Where did I go wrong?
Thanks Sethu
That's not the output file you need. Don't use the
-o
option unless you need to debug something or have other special needs. Instead, usehtseq-count [options] file.sam annotation.gtf > output.txt
. The output file will then be small and what you actually need.yes, I did the same way as you suggested, but the text file itself contains the above data with 10 gb size
No, you didn't do what I suggested, or else the file snippet you posted would have never been produced. Post the exact command you used with nothing removed.

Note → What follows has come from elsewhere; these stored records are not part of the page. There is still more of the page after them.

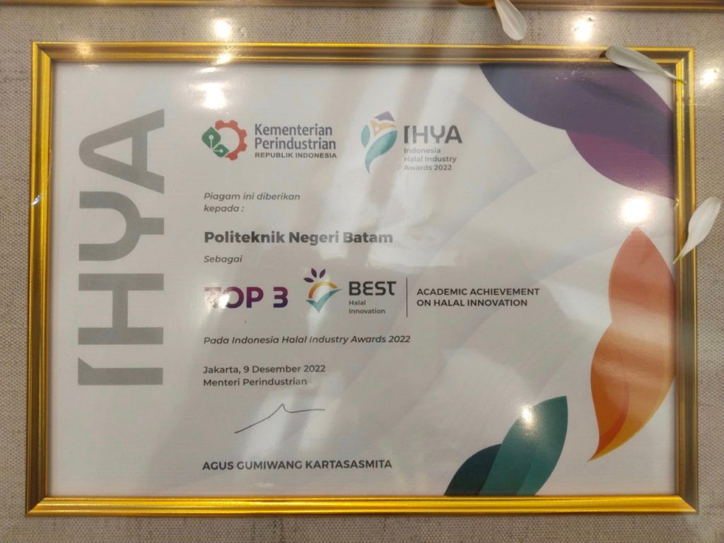 Politeknik Negeri Batam Raih Top 3 Best Indonesia Halal Industri Award (IHYA) 2022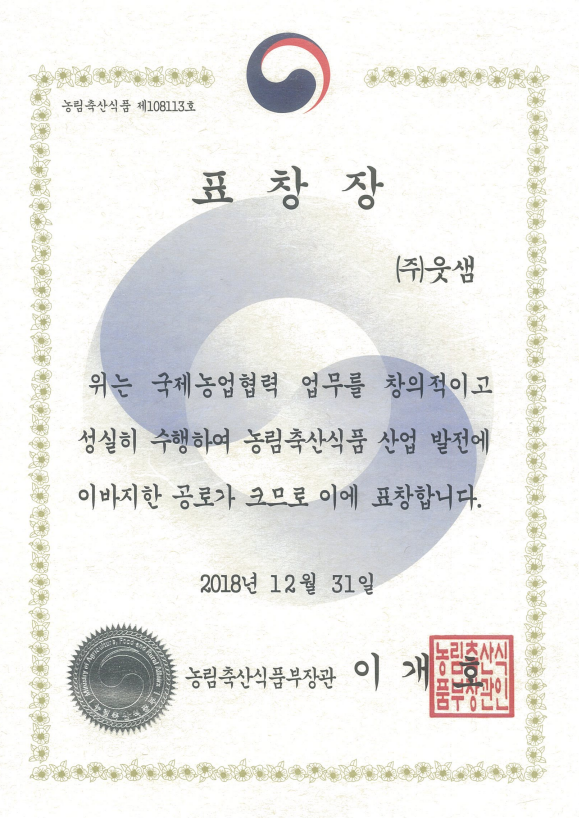 [홍보](주)웃샘 농림축산식품부장관 표창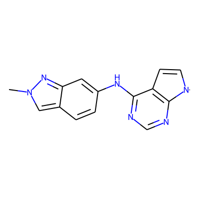 Cn1cc2ccc(Nc3ncnc4c3C=C[N]4)cc2n1| HBA: | 6 | RingCount: | 4 |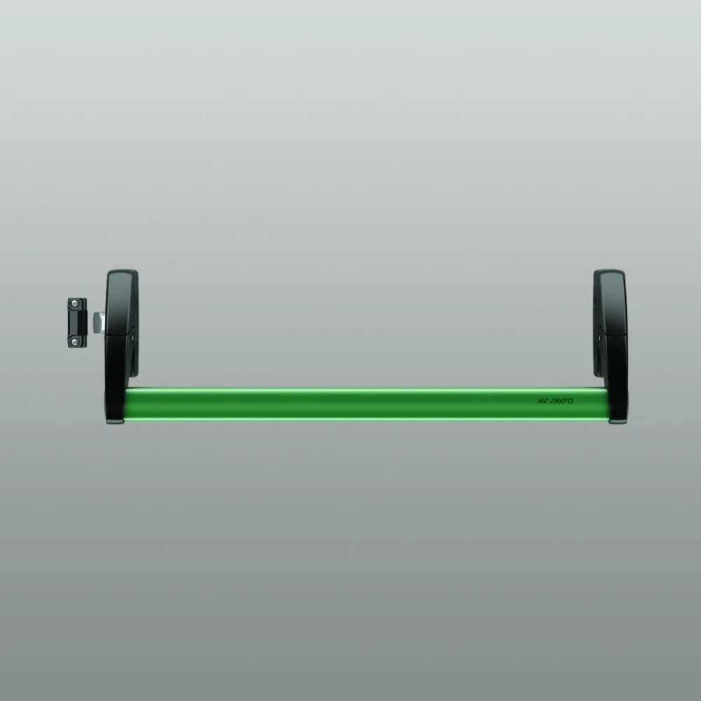 Maniglione antipanico orizzontale ambidestro ad 1 punto di chiusura, versione a leva, in zama e acciaio zincato. Completo di: scrocco in zama nichelata, 1 contropiastra di fissaggio in acciaio zincato e 1 contropiastra di fissaggio in nylon , barra mm 1200 e 2 ferrogliere in zama verniciate, 4 viti TS Ø 4,2x13, 2 viti TC 4,2x13, 2 viti TC 4,8x13, 2 viti TS Ø 4,2x16, 2 viti TS M5x6 e 8 viti TS M4x5 in acciaio zincato. Per porte con un passaggio utile larghezza da 800 a 1240 mm e altezza max 2450 mm.

Hi, following is the pipeline i have used:
samtools sort -n accepted_hits.bam accepted_hits_bam_sorted
samtools view -h accepted_hits_bam_sorted.bam >accepted_hits_sorted.sam
htseq-count -s no -i gene_id -o htseq_P-6_PA_results.txt accepted_hits_sorted.sam gencode.v17.annotation.gtf
Yes, exactly, so you didn't do what I suggested ("Don't use the
-o
option..."). Instead you needhtseq-count -s no -i gene_id accepted_hits_sorted.sam gencode.v17.annotation.gtf > htseq_P-6_PA_results.txt
though you could also just skip a step in your pipeline andsamtools view accepted_hits_bam_sorted.bam | htseq-count -s no -i gene_id - gencode.v17.annotation.gtf > htseq_P-6_PA_results.txt
. Technically you could pipe in the sort step too, but that won't really save you much time.Thank you for your prompt reply.